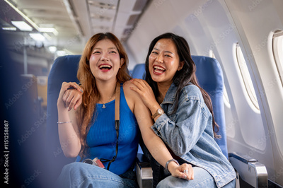 Two joyful Asian female friends, excited for their vacation, sit on a plane with happy expressions.
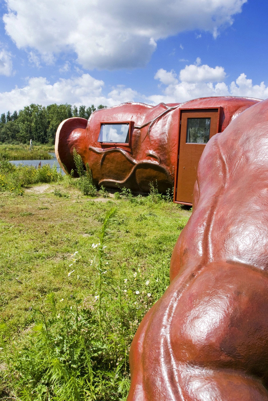 Theo Atlas Obscura, “cha đẻ” của CasAnus là nghệ sĩ người Hà Lan Joep van Lieshout. Khách sạn được làm từ gỗ, bọt PU và phủ lớp sợi thủy tinh gia cố polyester, tạo nên hình dạng và màu sắc giống như một đoạn ruột người.
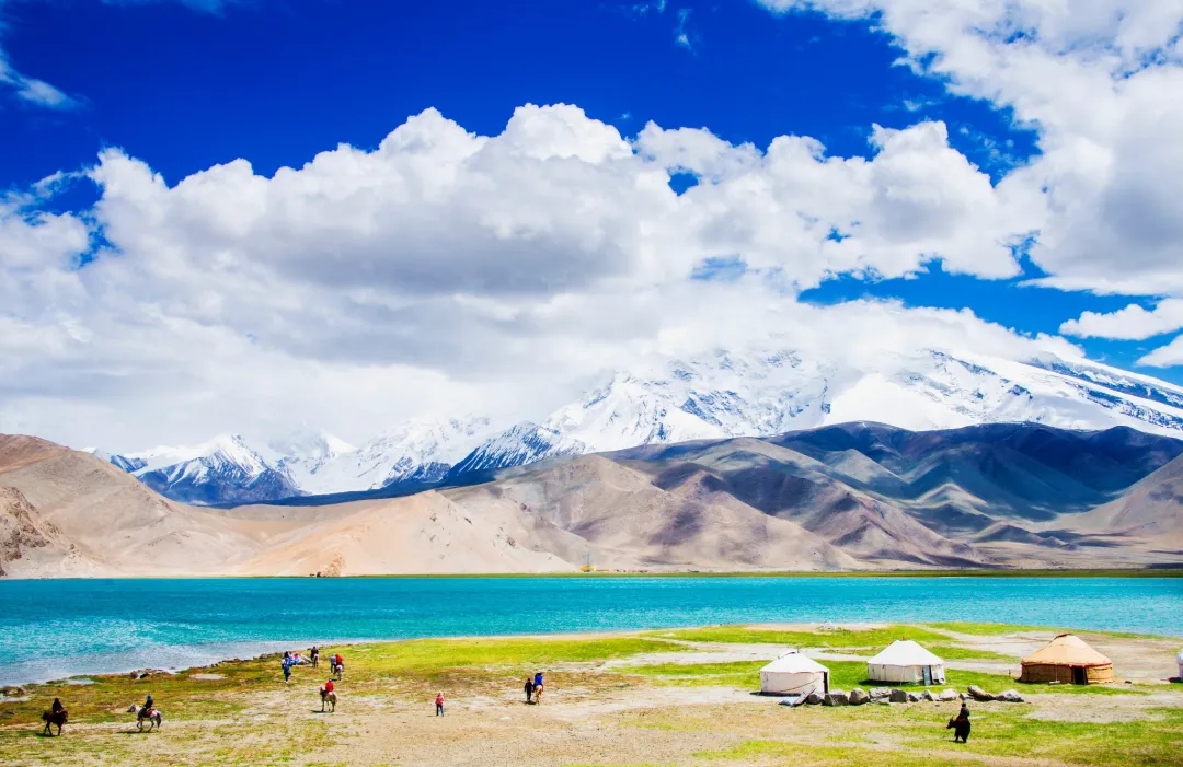 【卡拉库里湖】卡拉库里湖,位于冰山之父—慕士塔格峰的山脚下,距离喀什191公里,中巴公路从湖畔经过,这里离攀登慕士塔格峰的大本营不远(徙步走或骑骆驼,5小时到达)。“卡拉库里”意为“黑海”,海拔3600米,湖深30米,总面积10平方公里,是一座高山冰蚀冰碛湖。水面映衬着巍峨又神秘的慕士塔格峰,白雪皑皑,山水同色,景色十分迷人。风景名胜卡拉库里湖是世界上少有的高原湖泊。湖的四周有冰峰雪岭环抱,特别是周围的公格尔、公格尔九别峰和慕士塔格峰更为这个湖增添了神奇而美丽的色彩。在风平浪静的日子里,皑皑银峰、绿色草原和湖边畜群倒映在湖中,异常优美。
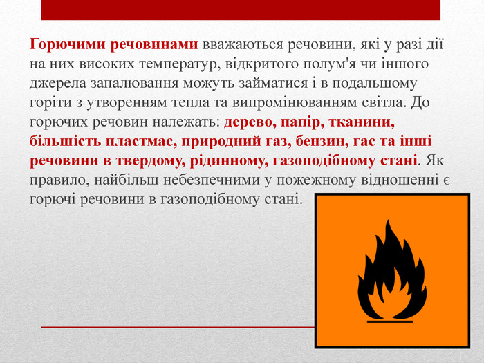 Що належить до горючих речовин?
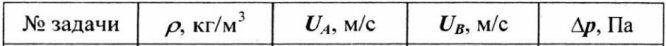 Воздух плотности р, имея ско­рость на подходе к зданию, равную UА, над коньком здания имеет ско­рость, равную Uв, причем UAB (рис.1). Давление на подходе к зданию и в самом здании равно ат­мосферному, благодаря этому в фонаре здания В создается тяга Δр вентиляционного потока. Потерями напора пренебрегаем. Пользуясь данными таблицы, определить величины, отмеченные в ней знаком вопроса.
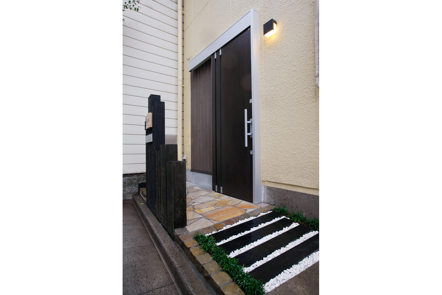アプローチは、限られたスペースでしたが、玄関ドア前がすぐ道路でしたので、防犯性や安全性を考慮して、枕木で緩やかに空間を仕切るようにしました。
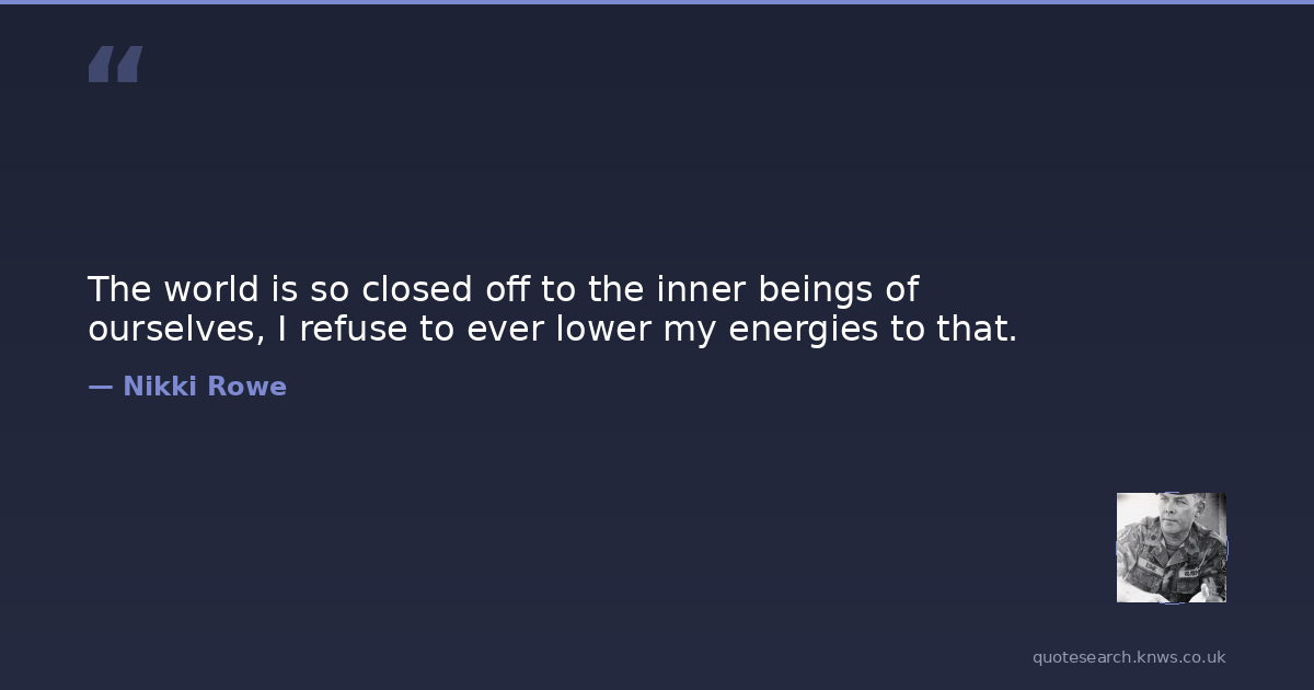 The world is so closed off to the inner beings of ourselves, I refuse to ever lower my energies to that.
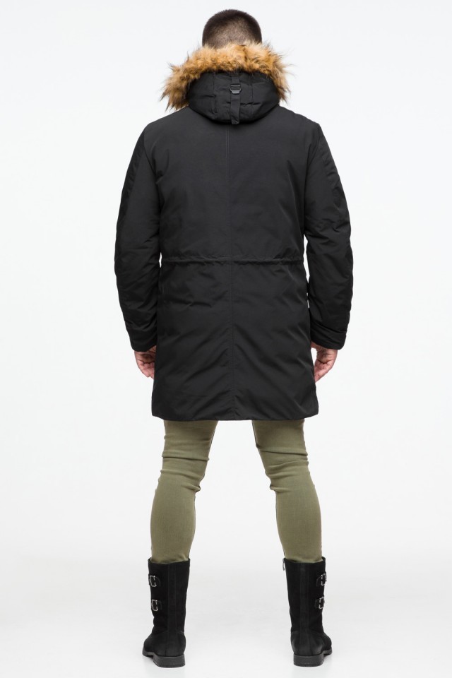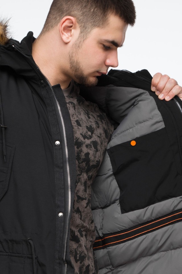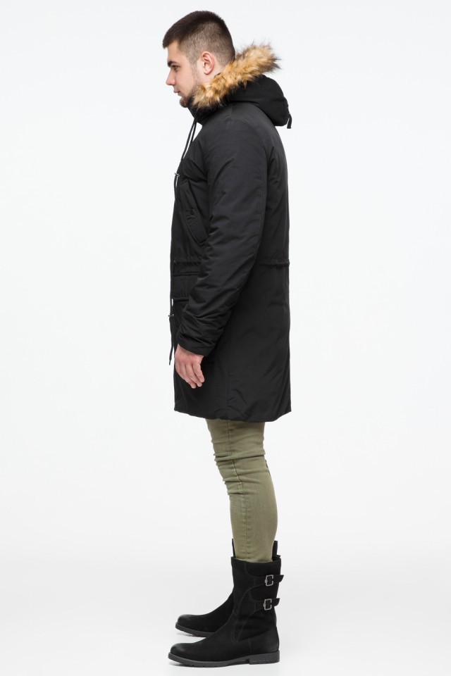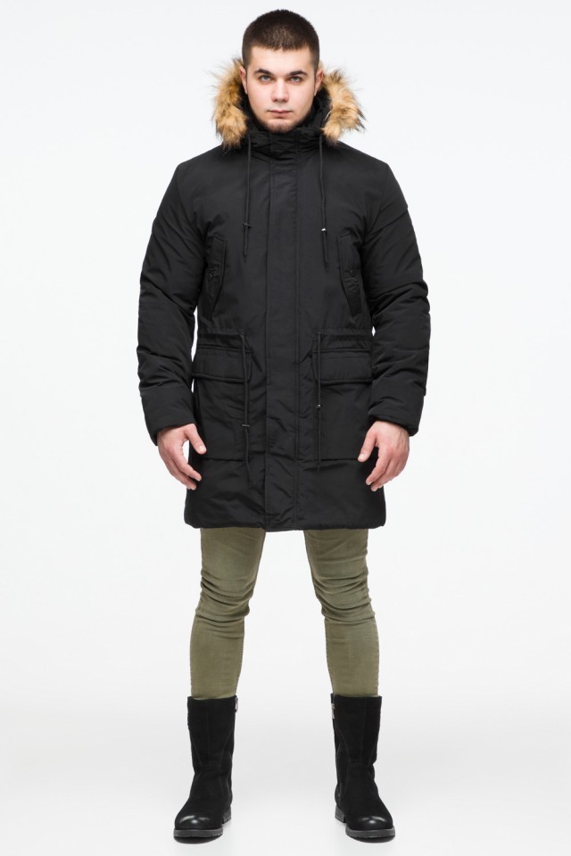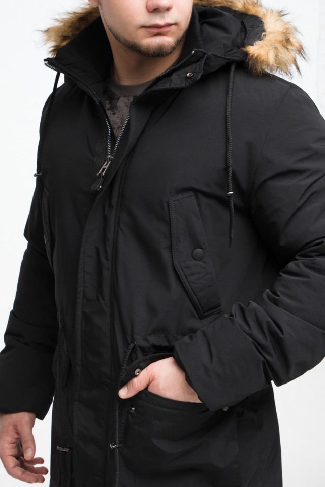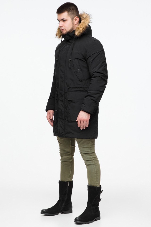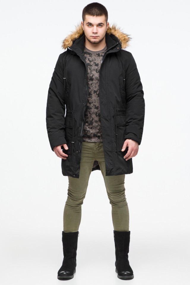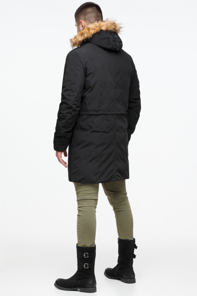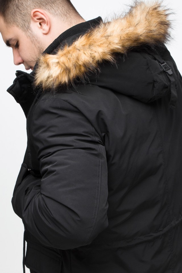 Черная мужская молодежная парка зимняя с опушкой модель 25690
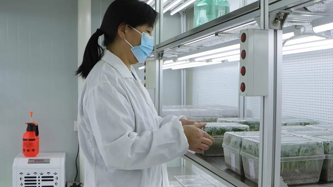 技术人员正在实验室开展破碎率、发芽率等指标测试。(李可施 摄)
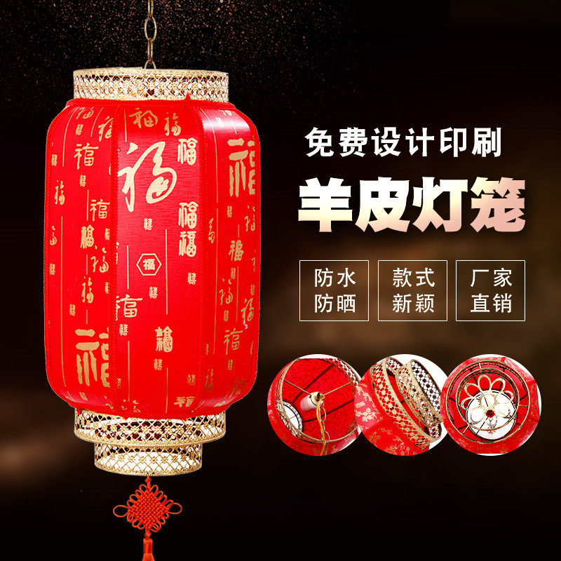 Outdoor waterproof sheep skin antique lantern Chinese hotel decorated big red lantern New Year National Day winter melon advertising lantern
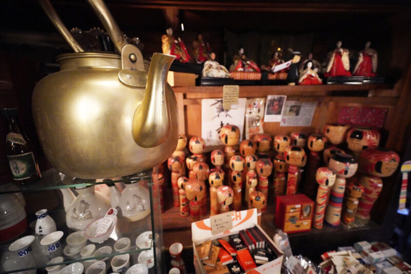 どデカイやかんとこけしやひな人形の共演。思わず目に入ってしまう光景だ
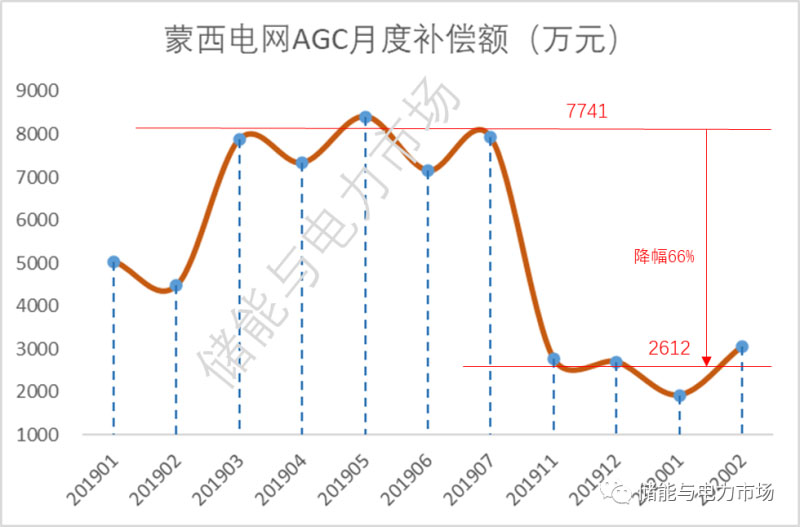 2019年11月,蒙西電網(wǎng)的AGC月度補償總額大幅跳水,相對于2019年7月的7925萬元,跌為2778萬元,跌幅65%。造成這一結果主要有兩個原因:
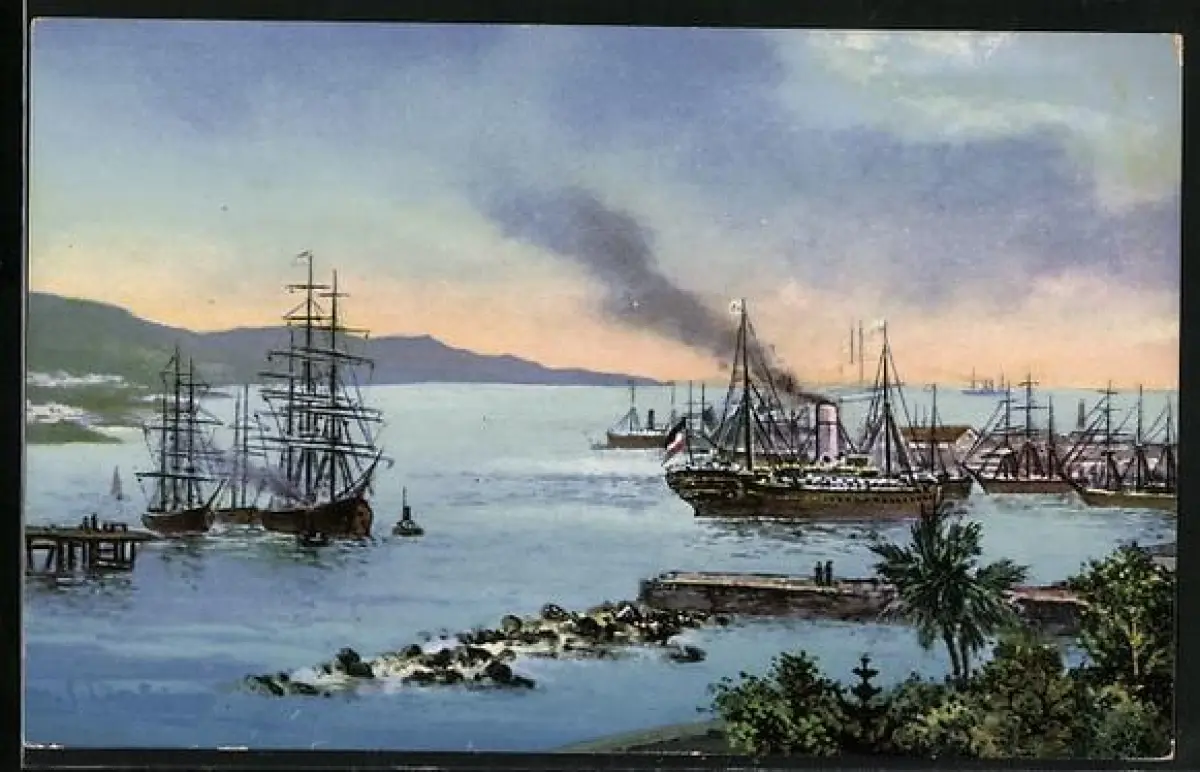AK Ponta-Delgada /Azoren, Meerblick mit Schiffen
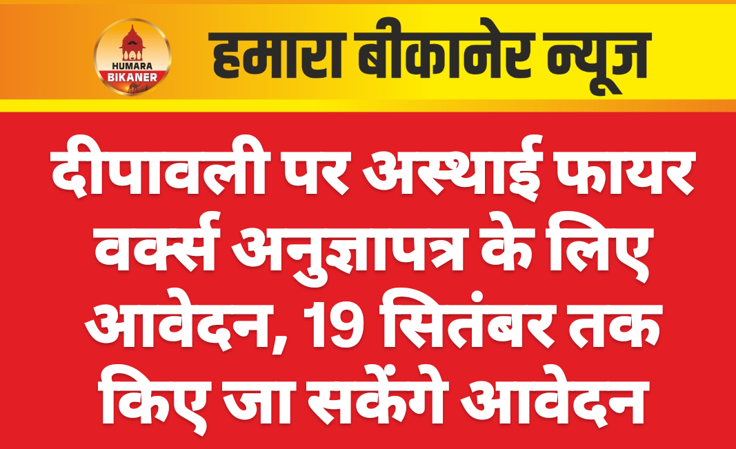 बीकानेर, 10 सितंबर। दीपावली पर अस्थाई फायरवर्क्स (केवल ग्रीन आतिशबाजी) के लिए शहरी क्षेत्र के इच्छुक आवेदक 19 सितम्बर (शुक्रवार) तक निर्धारित आवेदन-पत्र भर कर, आवश्यक दस्तावेज संलग्न कर जिला कलेक्टर कार्यालय में जमा करवा सकते हैं।

======

## Directions
Retype every record as it stands. None of the pictures should appear.

## Finished exercise
 Two joyful Asian female friends, excited for their vacation, sit on a plane with happy expressions.
 Theo Atlas Obscura, “cha đẻ” của CasAnus là nghệ sĩ người Hà Lan Joep van Lieshout. Khách sạn được làm từ gỗ, bọt PU và phủ lớp sợi thủy tinh gia cố polyester, tạo nên hình dạng và màu sắc giống như một đoạn ruột người.
 【卡拉库里湖】卡拉库里湖,位于冰山之父—慕士塔格峰的山脚下,距离喀什191公里,中巴公路从湖畔经过,这里离攀登慕士塔格峰的大本营不远(徙步走或骑骆驼,5小时到达)。“卡拉库里”意为“黑海”,海拔3600米,湖深30米,总面积10平方公里,是一座高山冰蚀冰碛湖。水面映衬着巍峨又神秘的慕士塔格峰,白雪皑皑,山水同色,景色十分迷人。风景名胜卡拉库里湖是世界上少有的高原湖泊。湖的四周有冰峰雪岭环抱,特别是周围的公格尔、公格尔九别峰和慕士塔格峰更为这个湖增添了神奇而美丽的色彩。在风平浪静的日子里,皑皑银峰、绿色草原和湖边畜群倒映在湖中,异常优美。
 Що належить до горючих речовин?
 Воздух плотности р, имея ско­рость на подходе к зданию, равную UА, над коньком здания имеет ско­рость, равную Uв, причем UAB (рис.1). Давление на подходе к зданию и в самом здании равно ат­мосферному, благодаря этому в фонаре здания В создается тяга Δр вентиляционного потока. Потерями напора пренебрегаем. Пользуясь данными таблицы, определить величины, отмеченные в ней знаком вопроса.
アプローチは、限られたスペースでしたが、玄関ドア前がすぐ道路でしたので、防犯性や安全性を考慮して、枕木で緩やかに空間を仕切るようにしました。
 The world is so closed off to the inner beings of ourselves, I refuse to ever lower my energies to that.
 Черная мужская молодежная парка зимняя с опушкой модель 25690
 技术人员正在实验室开展破碎率、发芽率等指标测试。(李可施 摄)
 Outdoor waterproof sheep skin antique lantern Chinese hotel decorated big red lantern New Year National Day winter melon advertising lantern
 どデカイやかんとこけしやひな人形の共演。思わず目に入ってしまう光景だ
 2019年11月,蒙西電網(wǎng)的AGC月度補償總額大幅跳水,相對于2019年7月的7925萬元,跌為2778萬元,跌幅65%。造成這一結果主要有兩個原因:
AK Ponta-Delgada /Azoren, Meerblick mit Schiffen
 बीकानेर, 10 सितंबर। दीपावली पर अस्थाई फायरवर्क्स (केवल ग्रीन आतिशबाजी) के लिए शहरी क्षेत्र के इच्छुक आवेदक 19 सितम्बर (शुक्रवार) तक निर्धारित आवेदन-पत्र भर कर, आवश्यक दस्तावेज संलग्न कर जिला कलेक्टर कार्यालय में जमा करवा सकते हैं।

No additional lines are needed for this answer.